** Data **

· · ·

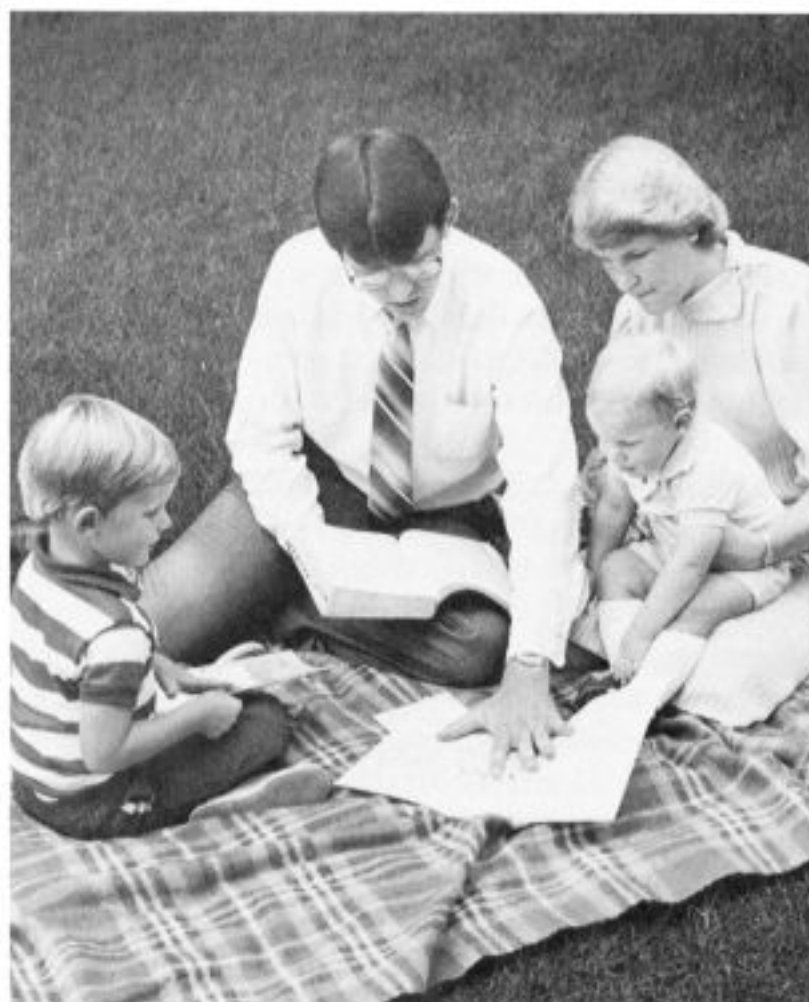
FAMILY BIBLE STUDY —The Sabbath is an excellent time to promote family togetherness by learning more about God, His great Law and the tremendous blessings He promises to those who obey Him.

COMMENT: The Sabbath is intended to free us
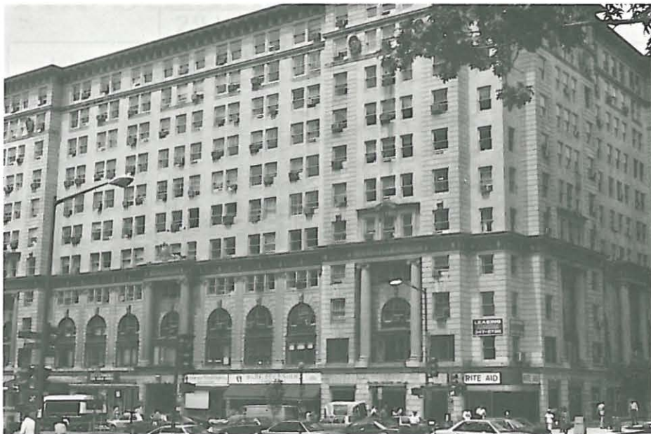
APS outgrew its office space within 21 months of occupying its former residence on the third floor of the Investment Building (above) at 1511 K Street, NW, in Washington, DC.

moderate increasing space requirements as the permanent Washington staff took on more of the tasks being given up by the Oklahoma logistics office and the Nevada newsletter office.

· · ·

** Exercise description **
Every line above that carries the string "Sabbath" should be copied.

** Response to this task **
FAMILY BIBLE STUDY —The Sabbath is an excellent time to promote family togetherness by learning more about God, His great Law and the tremendous blessings He promises to those who obey Him.
COMMENT: The Sabbath is intended to free us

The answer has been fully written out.